WHAT THE TASK REQUIRES =>
Word for word, copy all the data and drop the pictures.

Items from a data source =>

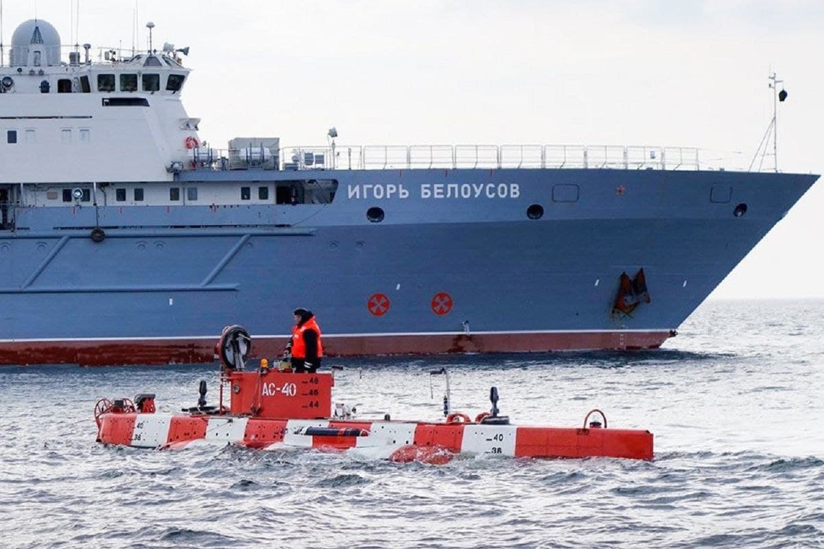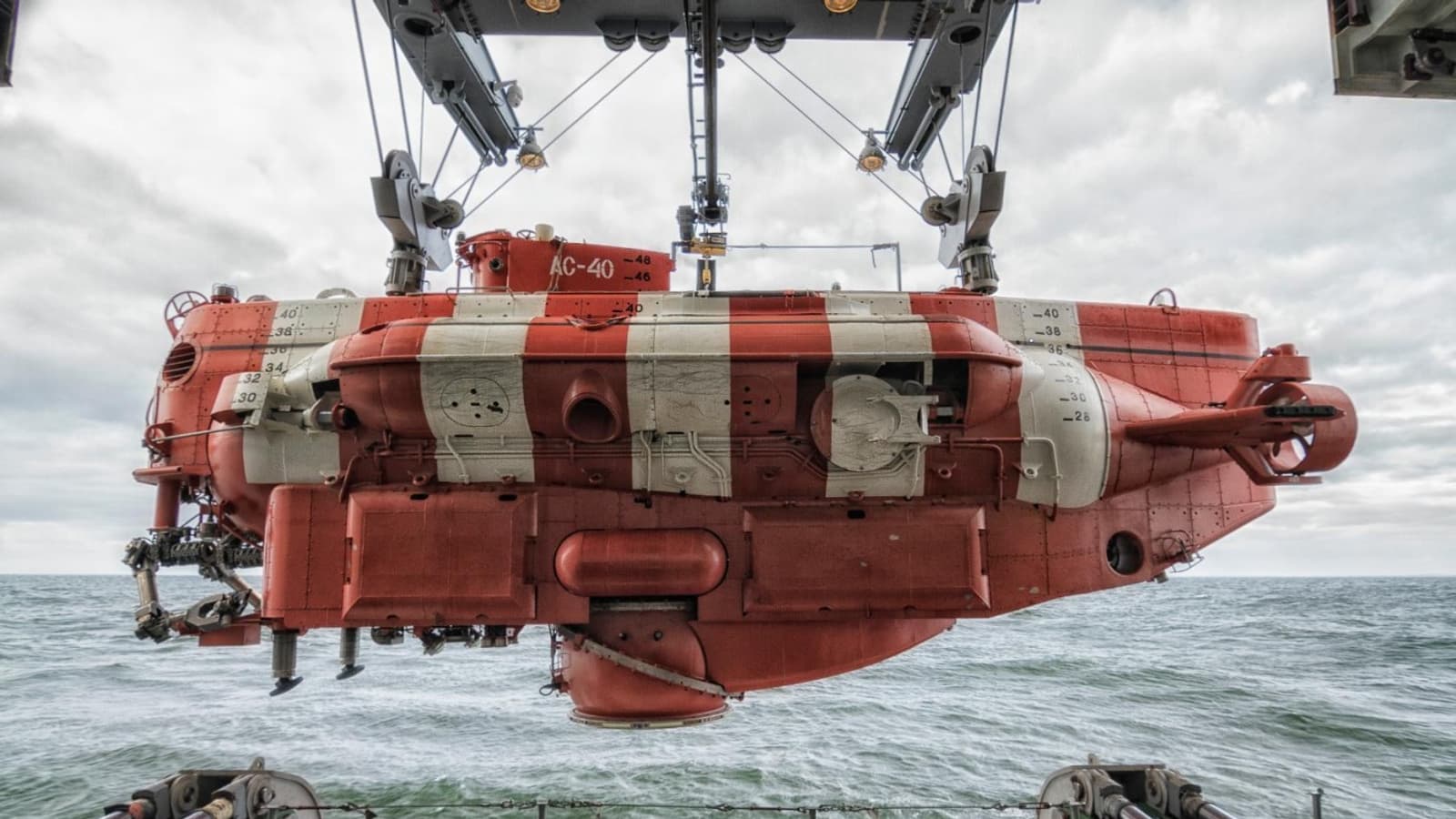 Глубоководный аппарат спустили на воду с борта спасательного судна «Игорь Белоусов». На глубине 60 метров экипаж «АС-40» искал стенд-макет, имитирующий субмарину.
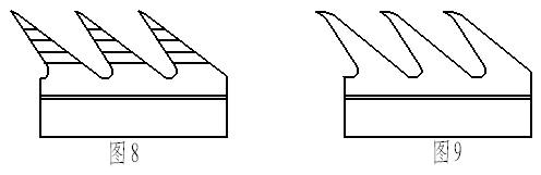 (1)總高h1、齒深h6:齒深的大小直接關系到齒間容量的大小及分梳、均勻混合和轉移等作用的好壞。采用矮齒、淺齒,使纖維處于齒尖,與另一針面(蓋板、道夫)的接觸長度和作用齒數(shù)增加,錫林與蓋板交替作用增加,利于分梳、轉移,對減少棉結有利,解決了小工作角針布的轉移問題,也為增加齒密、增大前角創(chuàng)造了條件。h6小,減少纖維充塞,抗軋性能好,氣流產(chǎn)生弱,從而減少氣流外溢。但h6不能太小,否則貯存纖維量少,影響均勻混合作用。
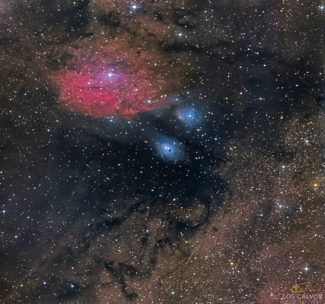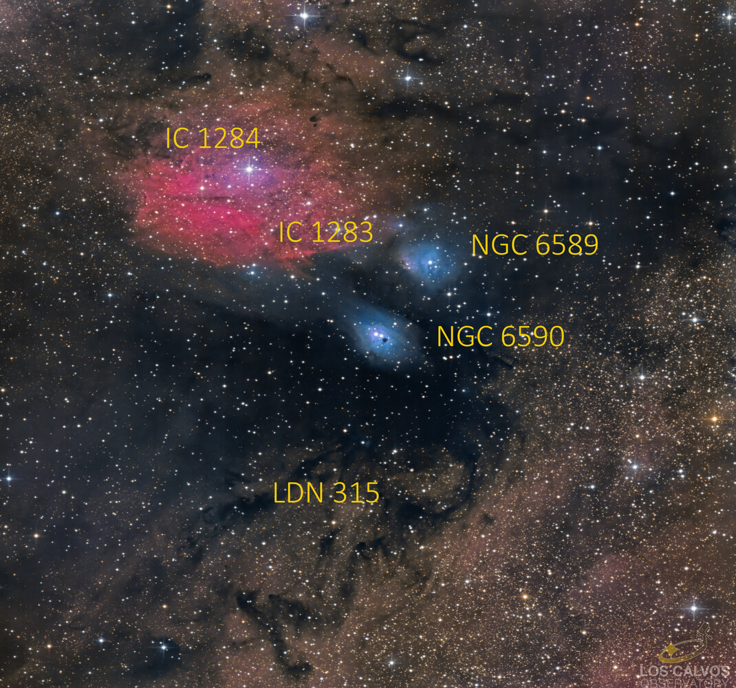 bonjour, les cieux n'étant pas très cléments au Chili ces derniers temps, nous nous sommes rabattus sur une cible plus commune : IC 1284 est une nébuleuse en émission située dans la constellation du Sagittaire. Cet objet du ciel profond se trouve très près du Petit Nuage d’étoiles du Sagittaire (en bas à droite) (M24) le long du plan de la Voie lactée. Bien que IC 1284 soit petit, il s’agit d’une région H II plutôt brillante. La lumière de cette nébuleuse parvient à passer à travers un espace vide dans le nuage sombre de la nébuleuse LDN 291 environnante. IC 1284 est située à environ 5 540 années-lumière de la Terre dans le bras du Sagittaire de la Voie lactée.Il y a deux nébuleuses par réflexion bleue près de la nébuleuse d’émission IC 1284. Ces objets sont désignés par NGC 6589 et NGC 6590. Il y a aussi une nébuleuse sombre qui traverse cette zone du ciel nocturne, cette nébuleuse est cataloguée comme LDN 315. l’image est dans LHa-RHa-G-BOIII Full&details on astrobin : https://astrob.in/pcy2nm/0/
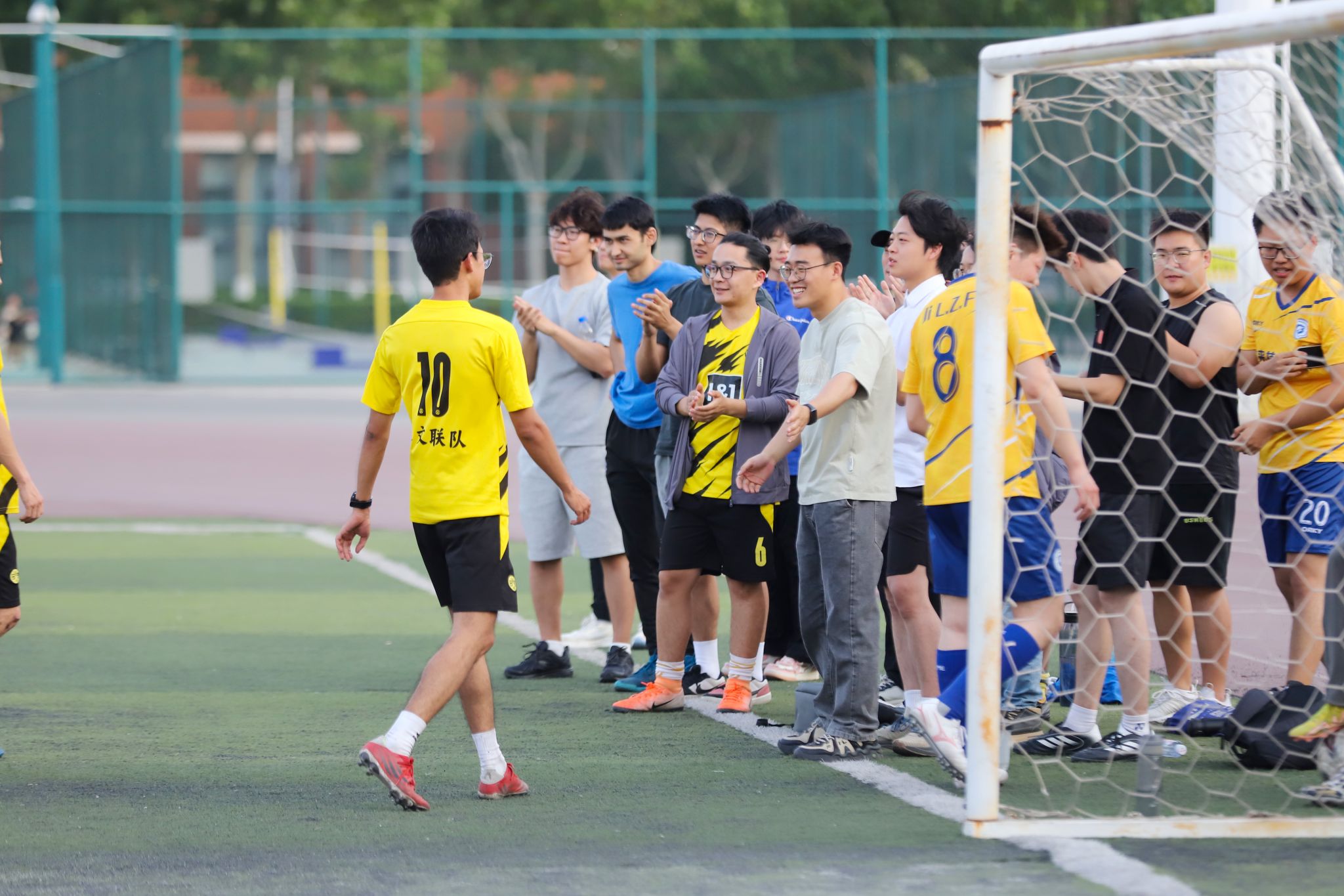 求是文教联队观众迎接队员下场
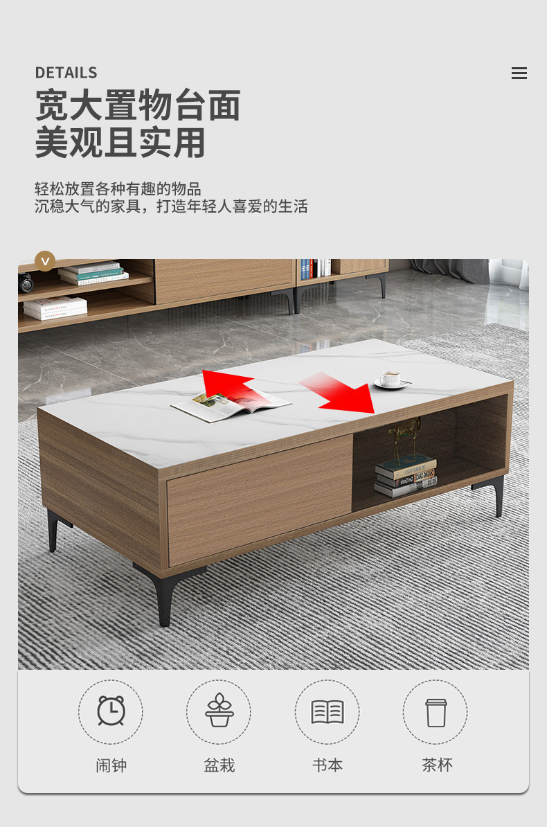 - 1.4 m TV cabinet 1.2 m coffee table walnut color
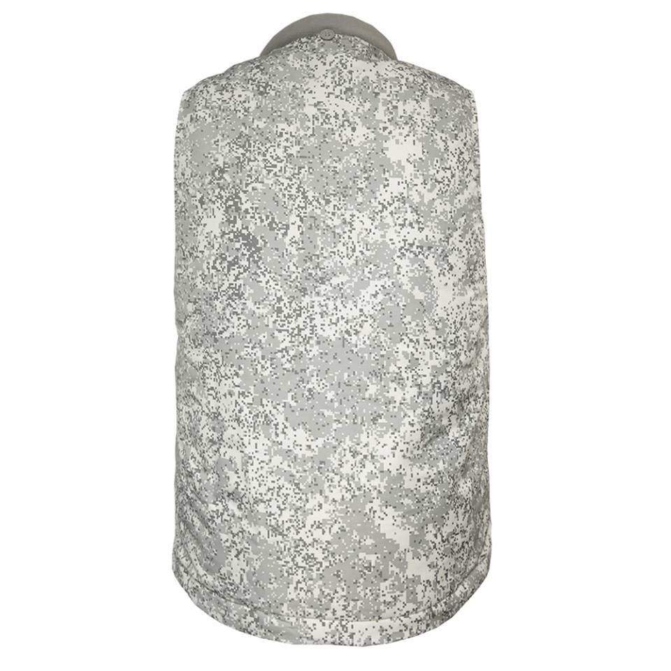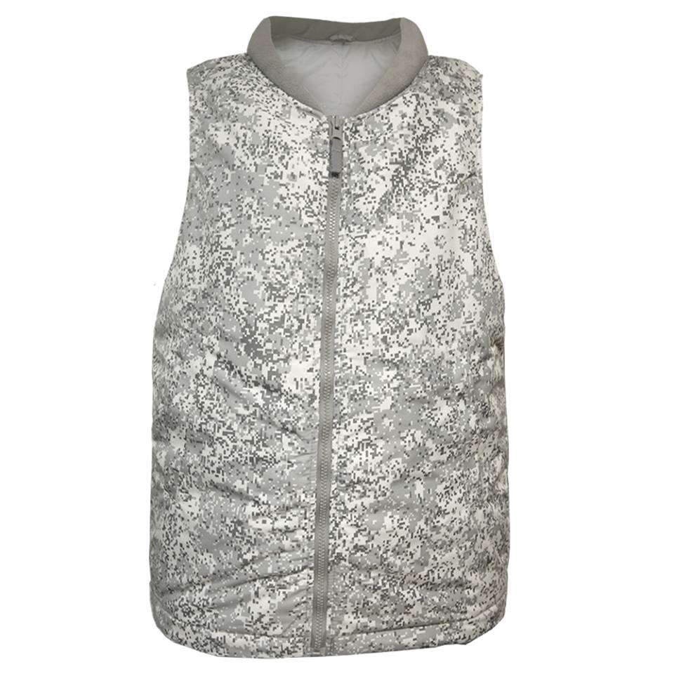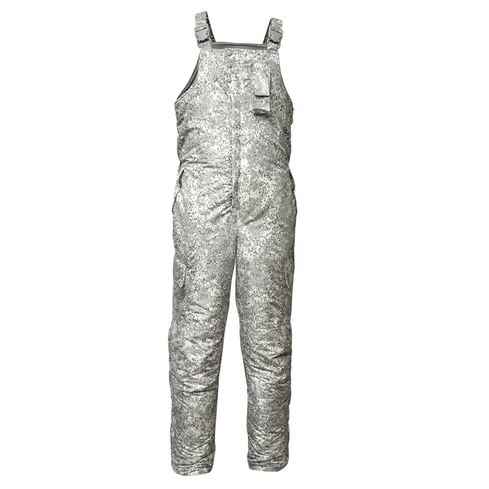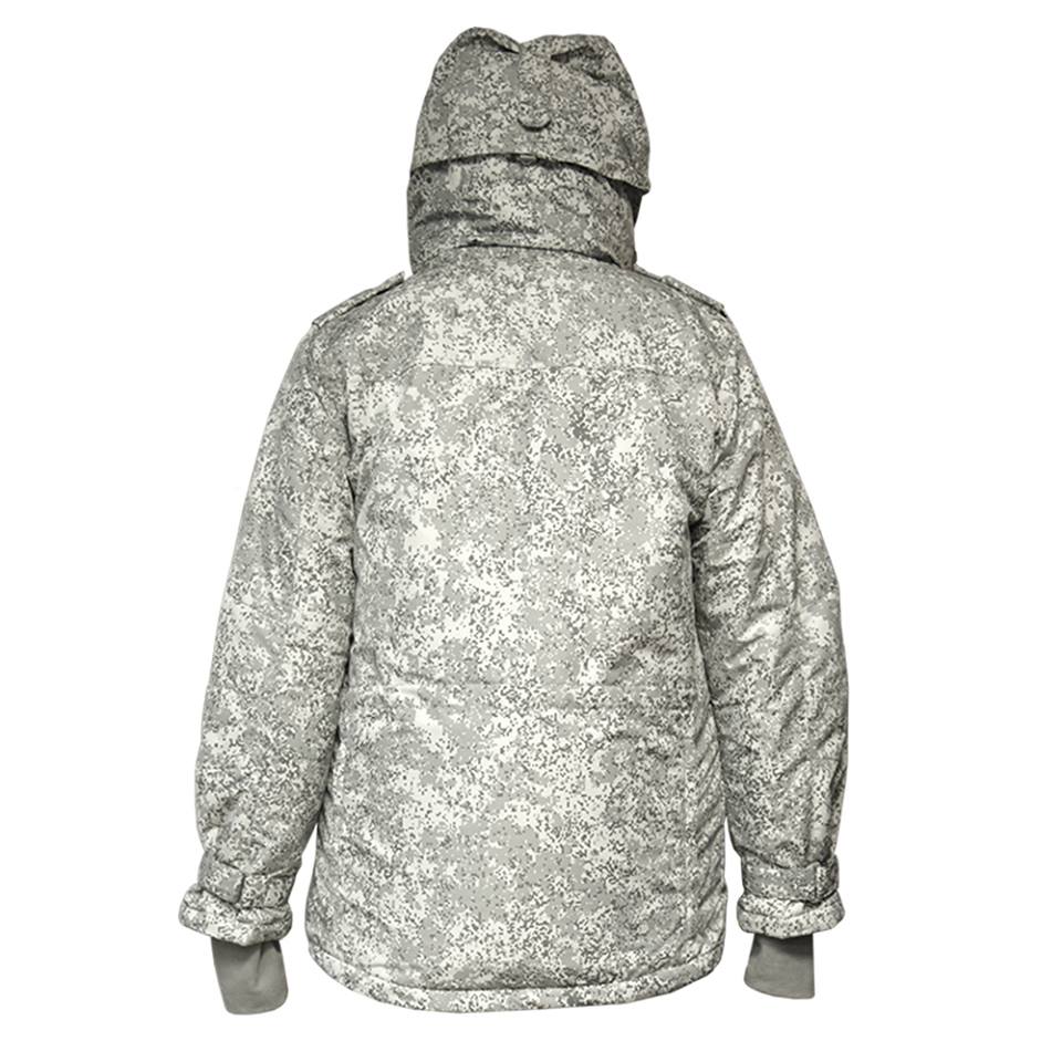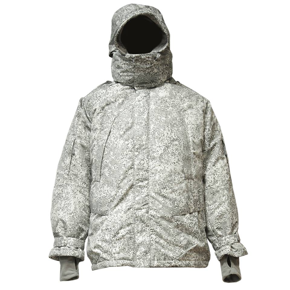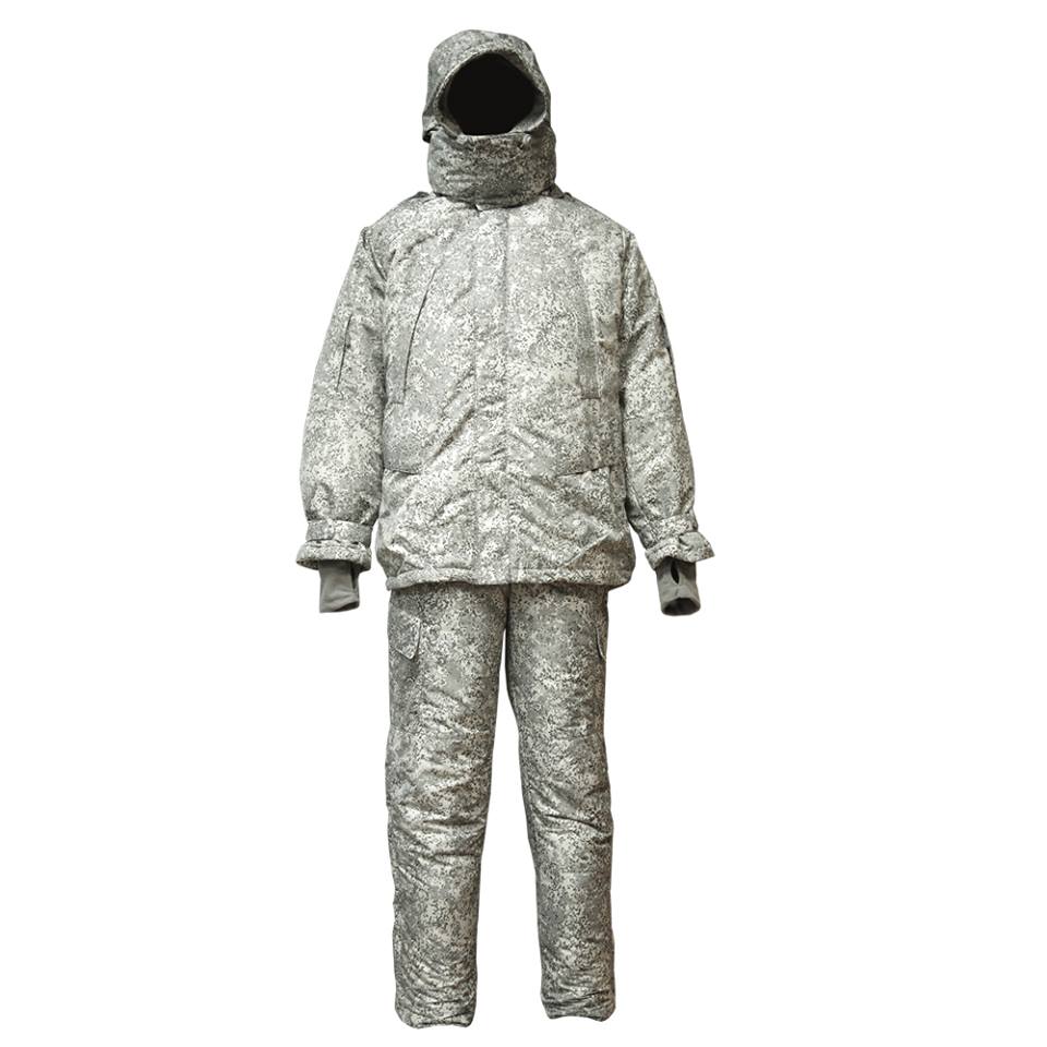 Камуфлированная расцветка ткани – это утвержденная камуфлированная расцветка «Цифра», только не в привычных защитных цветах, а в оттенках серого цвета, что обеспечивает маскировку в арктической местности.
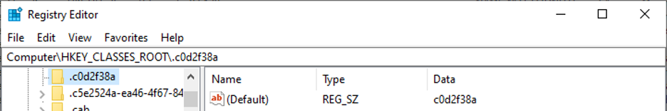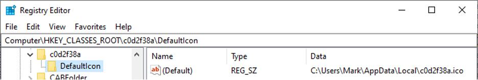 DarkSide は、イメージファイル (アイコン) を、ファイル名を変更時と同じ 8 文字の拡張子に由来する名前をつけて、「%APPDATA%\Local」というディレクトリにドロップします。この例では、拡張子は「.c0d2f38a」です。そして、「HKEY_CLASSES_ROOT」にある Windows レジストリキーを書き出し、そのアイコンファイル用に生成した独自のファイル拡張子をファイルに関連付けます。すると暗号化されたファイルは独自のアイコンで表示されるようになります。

TASK SOLUTION =>
 Глубоководный аппарат спустили на воду с борта спасательного судна «Игорь Белоусов». На глубине 60 метров экипаж «АС-40» искал стенд-макет, имитирующий субмарину.
 (1)總高h1、齒深h6:齒深的大小直接關系到齒間容量的大小及分梳、均勻混合和轉移等作用的好壞。采用矮齒、淺齒,使纖維處于齒尖,與另一針面(蓋板、道夫)的接觸長度和作用齒數(shù)增加,錫林與蓋板交替作用增加,利于分梳、轉移,對減少棉結有利,解決了小工作角針布的轉移問題,也為增加齒密、增大前角創(chuàng)造了條件。h6小,減少纖維充塞,抗軋性能好,氣流產(chǎn)生弱,從而減少氣流外溢。但h6不能太小,否則貯存纖維量少,影響均勻混合作用。
 bonjour, les cieux n'étant pas très cléments au Chili ces derniers temps, nous nous sommes rabattus sur une cible plus commune : IC 1284 est une nébuleuse en émission située dans la constellation du Sagittaire. Cet objet du ciel profond se trouve très près du Petit Nuage d’étoiles du Sagittaire (en bas à droite) (M24) le long du plan de la Voie lactée. Bien que IC 1284 soit petit, il s’agit d’une région H II plutôt brillante. La lumière de cette nébuleuse parvient à passer à travers un espace vide dans le nuage sombre de la nébuleuse LDN 291 environnante. IC 1284 est située à environ 5 540 années-lumière de la Terre dans le bras du Sagittaire de la Voie lactée.Il y a deux nébuleuses par réflexion bleue près de la nébuleuse d’émission IC 1284. Ces objets sont désignés par NGC 6589 et NGC 6590. Il y a aussi une nébuleuse sombre qui traverse cette zone du ciel nocturne, cette nébuleuse est cataloguée comme LDN 315. l’image est dans LHa-RHa-G-BOIII Full&details on astrobin : https://astrob.in/pcy2nm/0/
 求是文教联队观众迎接队员下场
 - 1.4 m TV cabinet 1.2 m coffee table walnut color
 Камуфлированная расцветка ткани – это утвержденная камуфлированная расцветка «Цифра», только не в привычных защитных цветах, а в оттенках серого цвета, что обеспечивает маскировку в арктической местности.
 DarkSide は、イメージファイル (アイコン) を、ファイル名を変更時と同じ 8 文字の拡張子に由来する名前をつけて、「%APPDATA%\Local」というディレクトリにドロップします。この例では、拡張子は「.c0d2f38a」です。そして、「HKEY_CLASSES_ROOT」にある Windows レジストリキーを書き出し、そのアイコンファイル用に生成した独自のファイル拡張子をファイルに関連付けます。すると暗号化されたファイルは独自のアイコンで表示されるようになります。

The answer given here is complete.